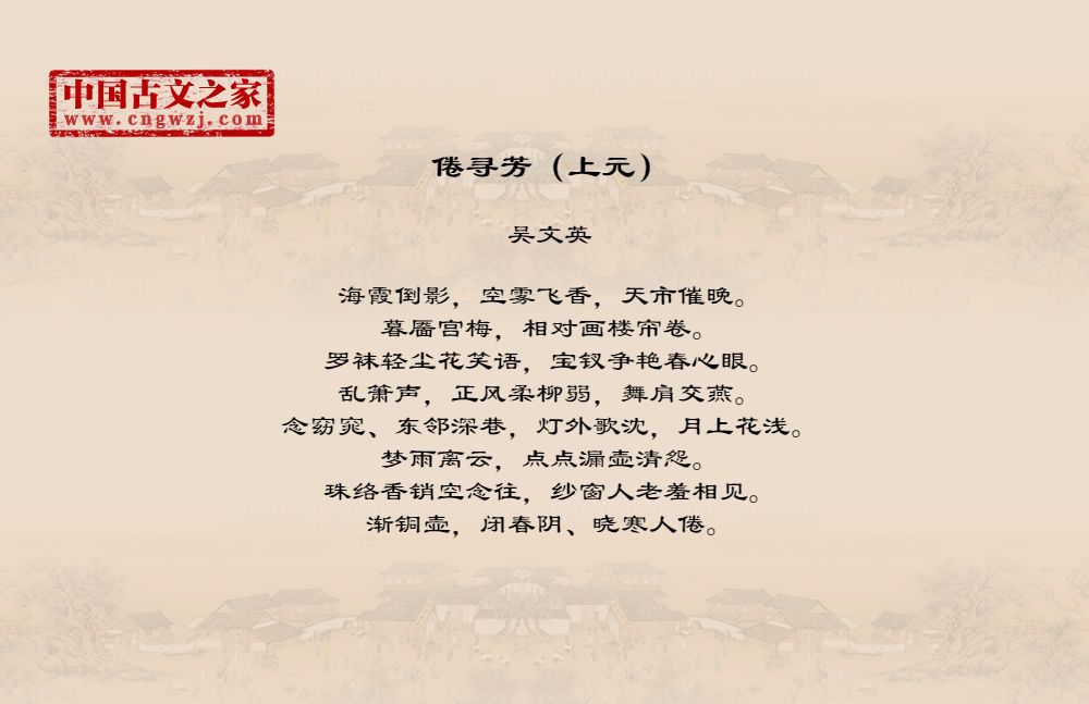 海霞倒影,空雾飞香,天市催晚。暮靥宫梅,相对画楼帘卷。罗袜轻尘花笑语,宝钗争艳春心眼。乱箫声,正风柔柳弱,舞肩交燕。念窈窕、东邻深巷,灯外歌沈,月上花浅。梦雨离云,点点漏壶清怨。珠络香销空念往,纱窗人老羞相见。渐铜壶,闭春阴、晓寒人倦。
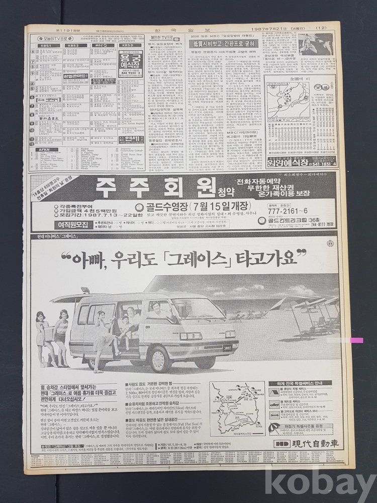 **** 1987.07.21(한국일보)/현대자동차 그레이스 광고포함/약 12면
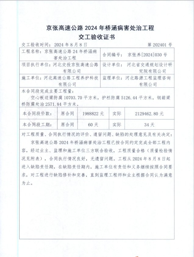 京張高速公路2024年橋涵病害處治工程交工驗(yàn)收證書(shū)
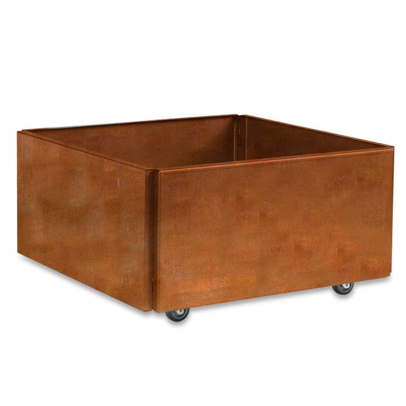 Her får du en komplet plantekasse med hjul lavet i råjern i et smukt design, som får et rustikt og rustent udseende.
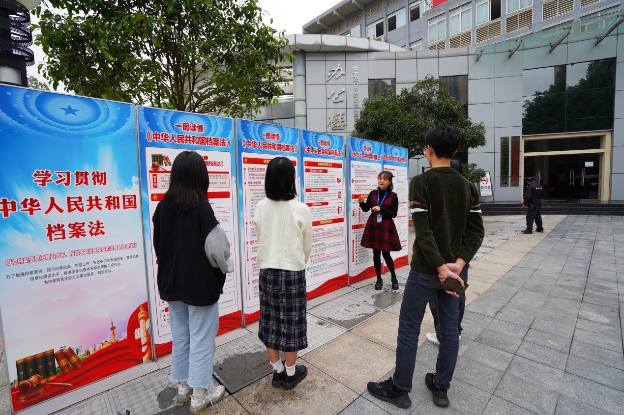 活动期间,档案科分别在办公楼、教学楼设立宣传点,学校档案管理人员以通俗易懂的方式,就在校生学籍档案管理等问题向前来咨询的师生进行讲解;在办公楼、教学楼展出《档案法》宣传材料,生动展现了新修订《档案法》的内容、档案的重要作用及档案安全知识;通过发放档案法宣传手册、将《档案法》纳入党委中心组法治专题学习和教职工政治理论学习内容等方式,组织干部师生学习《档案法》,使档案法治观念深入师生心中。
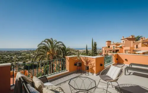 Kompromisløs førsteklasses luksuspenthouse til salg i Marbella, med egen swimmingpool, malerisk panoramaudsigt og hele 205 etagemeter, placeret få minutter fra Puerto Banus.
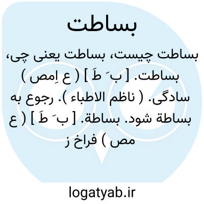 بساطت. [ ب َ طَ ] ( ع اِمص ) سادگی. ( ناظم الاطباء ). رجوع به بساطة شود.
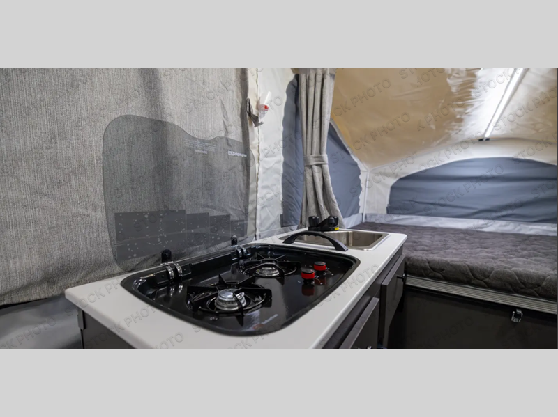 This Rockwood Freedom Series folding pop-up camper is going to let you camp in freedom! You will be able to use the permanently mounted three burner range to cook up some delicious food, and the 9' awning with an LED light will keep you protected while you work. You will also find that the booth dinette with added seating will be useful for both meal time and bed time when the two tent end beds aren't enough space, and the storage lid under the front bed provides storage for luggage, blankets, and more!
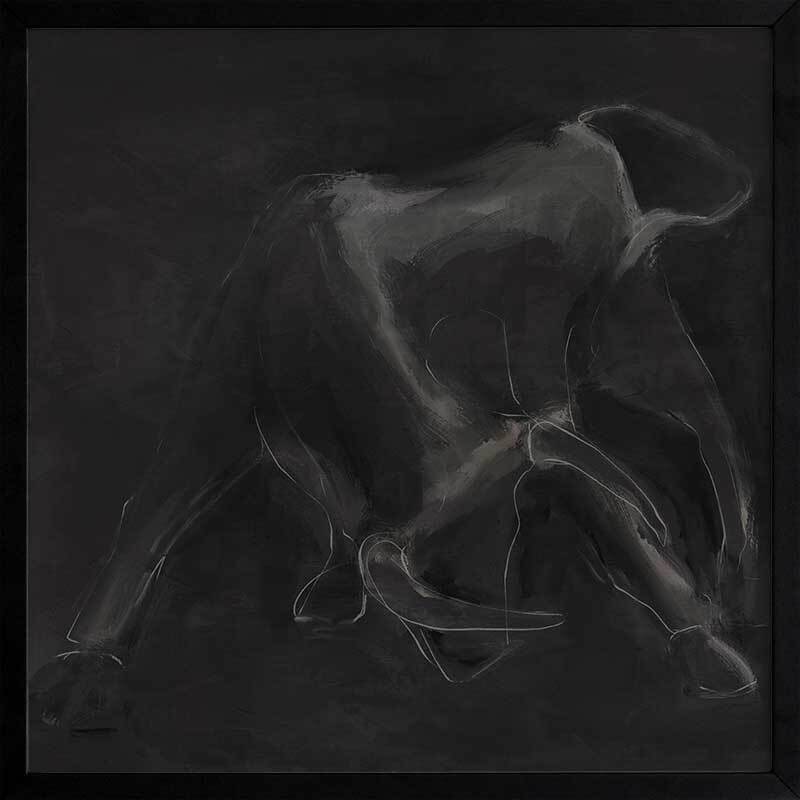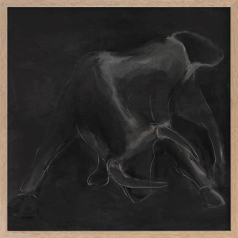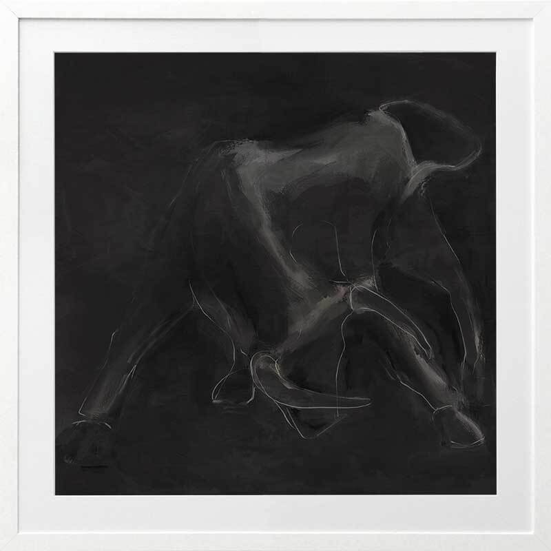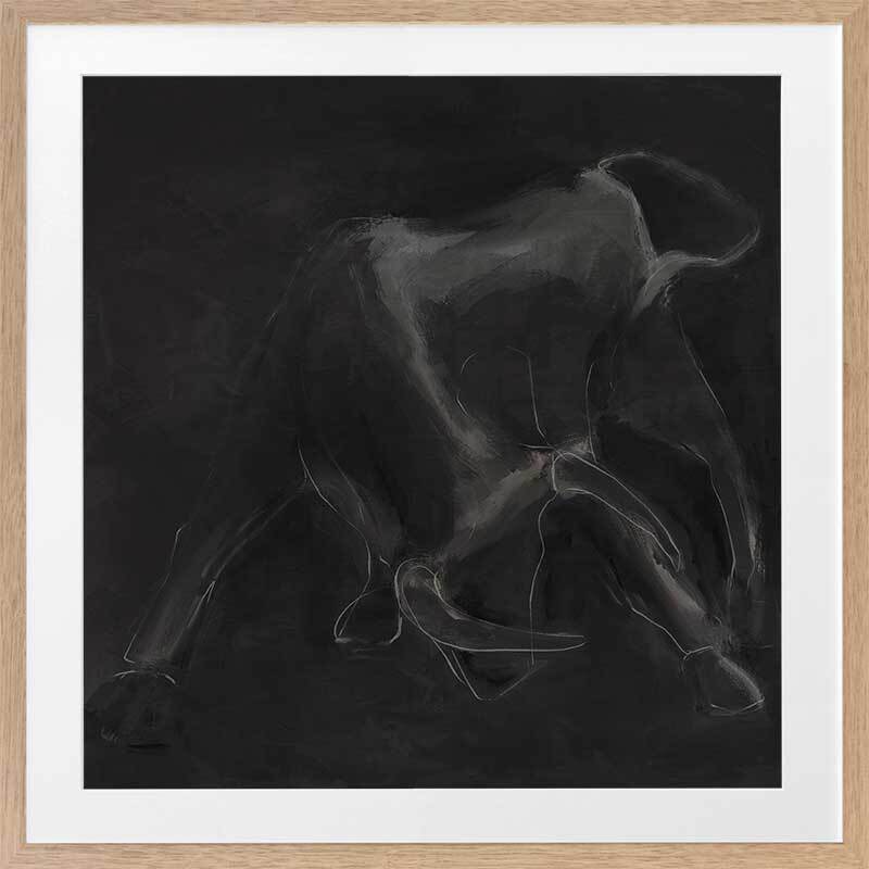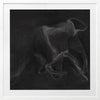 Contours Charge Framed Art Print - "Contours Charge" commands attention with its sense of masculine elegance. Inspired by the contours of a charging bull, this piece is an integral part of this masculine art collection by Darren Palmer, bringing to life the raw power of the bull, yet appreciating its softness and beauty. Using light grey outlines against a dark charcoal background, each bold line and abstract smudge plays on minimalist simplicity, making a striking impact, where you're invited to engage with the essence of strength and motion suspended in time.
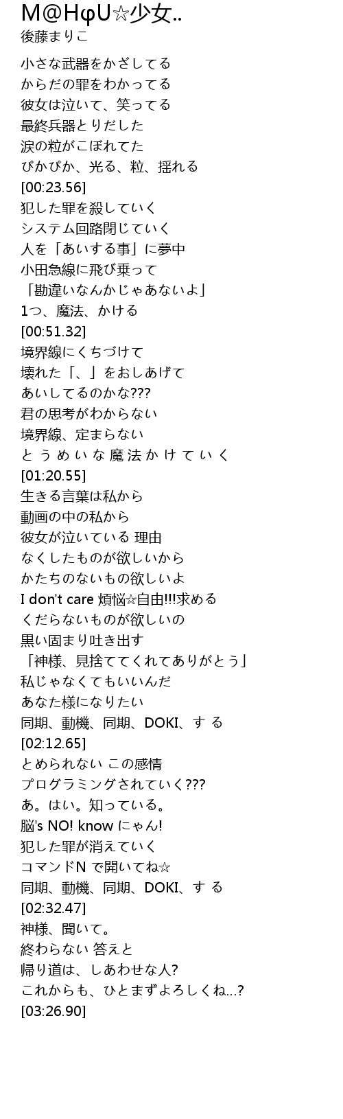 | [01:58.63] | 「神様、見捨ててくれてありがとう」 |
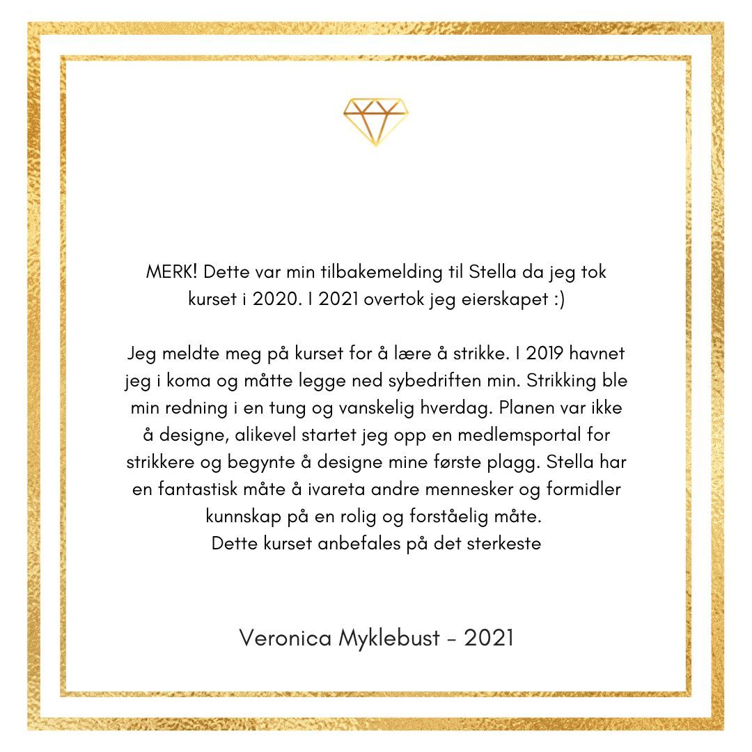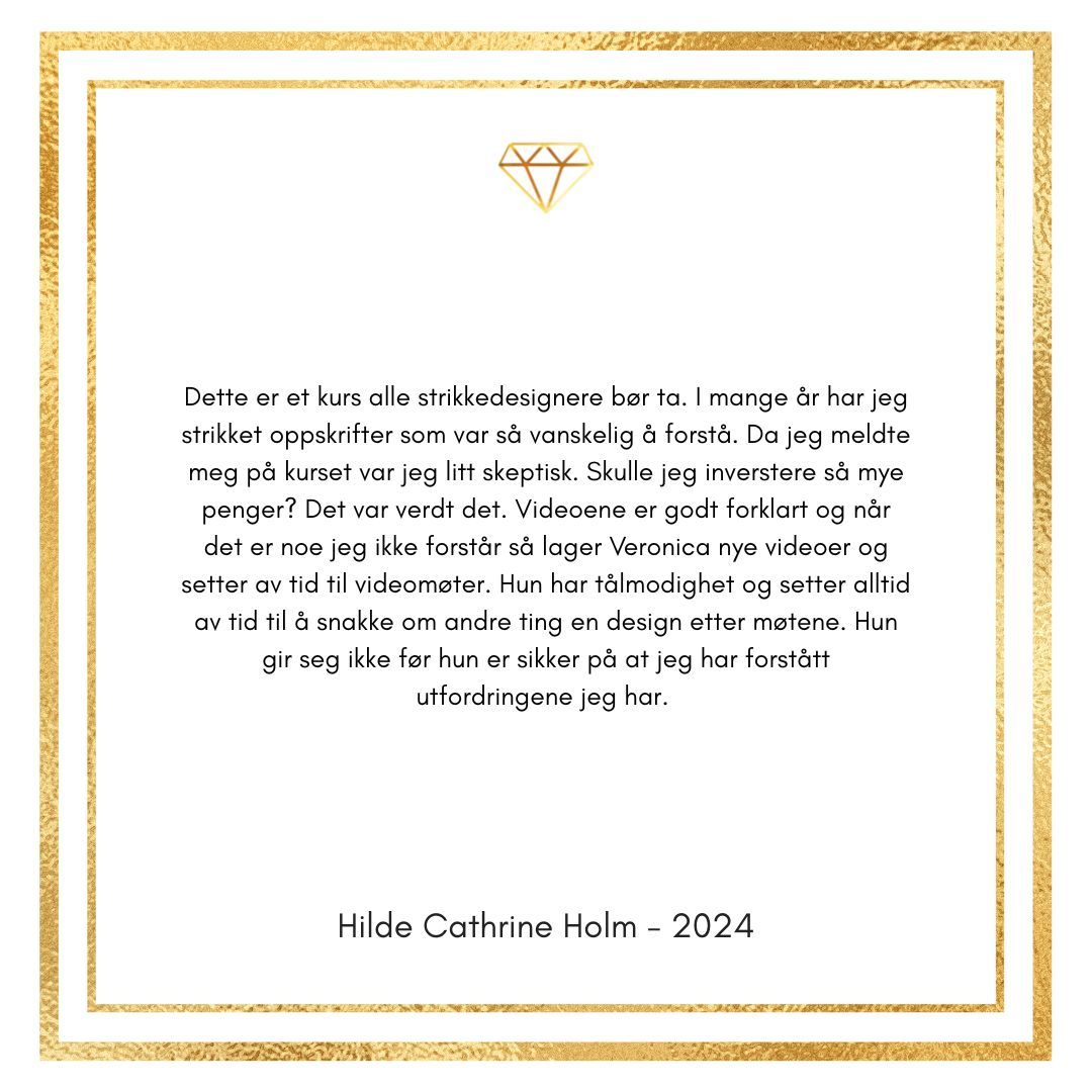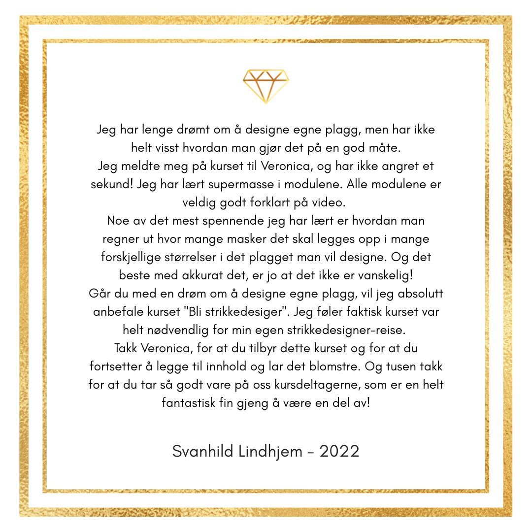 Kurset har gitt meg enormt mye kunnskap og glede for design med garn. Hver eneste dag lærer jeg noe nytt og da er det ekstra gøy å videreutvikle kurset slik at du også lærer enda mer.

▶ [WHAT NEEDS TO BE DONE]: Write down exactly what the lines above say, from the line holding "活动期间,档案科分别在办公楼" through the line holding "This Rockwood Freedom", and nothing more. Do not copy the pictures.

▶ [SOLUTION FOR THIS PROBLEM]:
 活动期间,档案科分别在办公楼、教学楼设立宣传点,学校档案管理人员以通俗易懂的方式,就在校生学籍档案管理等问题向前来咨询的师生进行讲解;在办公楼、教学楼展出《档案法》宣传材料,生动展现了新修订《档案法》的内容、档案的重要作用及档案安全知识;通过发放档案法宣传手册、将《档案法》纳入党委中心组法治专题学习和教职工政治理论学习内容等方式,组织干部师生学习《档案法》,使档案法治观念深入师生心中。
 Kompromisløs førsteklasses luksuspenthouse til salg i Marbella, med egen swimmingpool, malerisk panoramaudsigt og hele 205 etagemeter, placeret få minutter fra Puerto Banus.
 بساطت. [ ب َ طَ ] ( ع اِمص ) سادگی. ( ناظم الاطباء ). رجوع به بساطة شود.
 This Rockwood Freedom Series folding pop-up camper is going to let you camp in freedom! You will be able to use the permanently mounted three burner range to cook up some delicious food, and the 9' awning with an LED light will keep you protected while you work. You will also find that the booth dinette with added seating will be useful for both meal time and bed time when the two tent end beds aren't enough space, and the storage lid under the front bed provides storage for luggage, blankets, and more!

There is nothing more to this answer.